The key to their strategy is the dialectical relationship between the Bolivarian movement – millions of workers, informal workers, farmers, mothers and students active in the trade unions, communes and other mass formations – and the Chávez and Maduro governments, themselves products of the movement. The organized expressions of the Bolivarian movement (particularly the 3000 communes across the country) are the driving force in the construction of a new socialist state – yet, their capacity to do so greatly depends upon the support of the national government, hence the absolute importance placed on electoral victories in Venezuela.

A new state rises

At the end of 2020, the Bolivarian movement won a massive majority in the National Assembly elections, returning the legislature to the needs of the Venezuelan people after five years of hard struggle. With all branches of the government now held by the Bolivarian movement, advances can now be made. Major steps can now be taken toward the establishment of a new socialist state in the Americas.
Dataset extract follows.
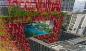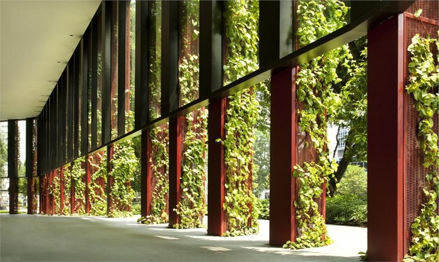 園林綠化廣泛用作建筑外立面處理,并在建筑內(nèi)部和外部形成主要的材料面板部分。 該綠色塔樓被認(rèn)為是鳥(niǎo)類(lèi)和動(dòng)物的避風(fēng)港,將生物多樣性重新引入城市,達(dá)到1,100%的總體綠地比例。 該綠化比重是一個(gè)令人興奮的數(shù)字,因?yàn)樗行У貜浹a(bǔ)了周遭10個(gè)建筑物缺乏綠色植被的情況。塔樓紅色鋁網(wǎng)包裹層被設(shè)計(jì)為一個(gè)擁有21種不同的爬藤的背景墻,五顏六色的花朵穿插在綠葉之間,為鳥(niǎo)和昆蟲(chóng)提供食物。 爬藤以馬賽克形式排列,每種類(lèi)型均可獲得其最適合的光照,陰影和通風(fēng)。塔樓的屋頂不是平屋頂,而是一座熱帶涼亭,充滿(mǎn)花卉,多樣,舒適和生機(jī)。

Along these lines, the National Assembly passed two laws in recent weeks – the Law of Communal Cities and the Law of the National Communal Parliament. Both laws express long-desired demands of the Bolivarian movement, and since their passage they have now gone to a “national consultation” for the people themselves to have their input on the law’s implementation.

In his last major address to the country, known as the “Strike at the Helm” speech, Hugo Chávez called for the transformation of Venezuela into a communal socialist state. He described the communes, which combine communal councils with socially-owned economic enterprises, as the “implants” of socialism within the capitalist present, and that the Bolivarian movement must “territorialize” and centralize the communes so that they can take over the functions of state now held by local, state and national governments. These two laws aim to codify this goal and open the way for its realization by the Bolivarian movement.

Communal Cities are to be established by the initiative of the people. They will encompass all communes, communal councils, housing assemblies, worker councils and other mass formations in a specific territory. These “bodies of People’s Power” will elect a parliament, an executive council, a planning council, an economic council and a social control council. Through these structures, the Communal City will not only assume the functions of municipal government, but become the space for the working class and other popular sectors to develop socially-owned productive assets and systems of distribution.

The Communal Parliament, for its part, will bring together representatives of the Communal Cities to debate and determine the development of the communal state. It will have authority over the Ministry of Communes and will serve as a legislative body of equal legal standing to the National Assembly.

In short, the Communal Cities and the Communal Parliament will be the means by which the masses can build a new world out of the ashes of the old. For years Venezuela has been ravaged by imperialist aggression, by the internal sabotage of cowardly capitalists, and now the ravages of COVID-19. Unlike in the United States – where the motto of the Biden government is a “return to normalcy” – the Venezuelan people will not return to a past that did not meet their needs. They advance now, despite it all, in full unity with their Cuban comrades.